Benchmark results before:

num_operations: 1000000
insert      : 191.090 s (  5238.3/s) CPU; 191.106 s (  5237.7/s) wall clock
lookup      : 30.430 s ( 33068.8/s) CPU; 30.428 s ( 33064.0/s) wall clock
lookup_range: 85.700 s ( 11694.5/s) CPU; 85.700 s ( 11693.6/s) wall clock
insert2     : 143.320 s (  6986.7/s) CPU; 143.315 s (  6986.6/s) wall clock
remove      : 246.010 s (  4068.0/s) CPU; 246.013 s (  4067.9/s) wall clock
remove_range: 225.210 s (  4444.0/s) CPU; 225.286 s (  4442.4/s) wall clock

That's insert, lookup, and remove operations (and range operations) on a B-tree with one million keys. insert2 is insertions where keys are sorted. All nodes are stored in memory, not on disk.

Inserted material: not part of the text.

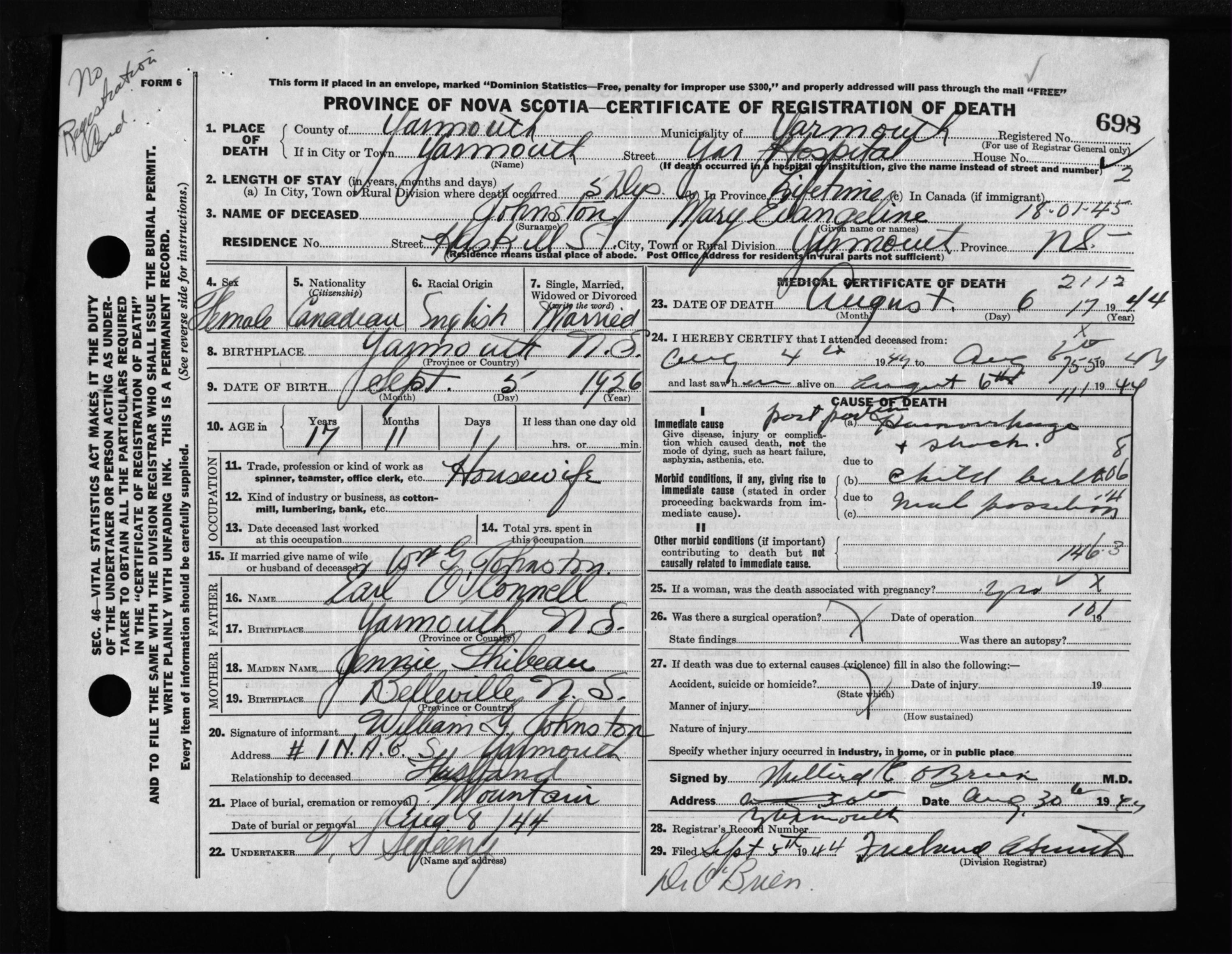 Female Death Registration: Year: 1944 file: 209 number: 698

After some micro-optimization (replacing my own flexible bsearch implementation with the Python standard library one):

num_operations: 1000000
insert      : 97.850 s ( 10237.5/s) CPU; 97.860 s ( 10237.1/s) wall clock
lookup      : 12.430 s ( 81566.1/s) CPU; 12.429 s ( 81609.8/s) wall clock
lookup_range: 52.670 s ( 19047.6/s) CPU; 52.669 s ( 19050.0/s) wall clock
insert2     : 72.600 s ( 13806.4/s) CPU; 72.595 s ( 13808.6/s) wall clock
remove      : 134.510 s (  7443.8/s) CPU; 134.512 s (  7444.0/s) wall clock
remove_range: 169.740 s (  5897.3/s) CPU; 169.795 s (  5895.6/s) wall clock

Not bad, for a train ride's work, with some additional improvements late at night in a hotel room.

Code is clearer too, now, at least mostly. And there's less of it: duplicating standard library functionality always maks me feel icky.

The numbers for removals look bad, really bad. Espcially range removal should be much better. If anyone wanted to get familiar with my btree code base, that would be an excellent place to start from. See the README for instructions.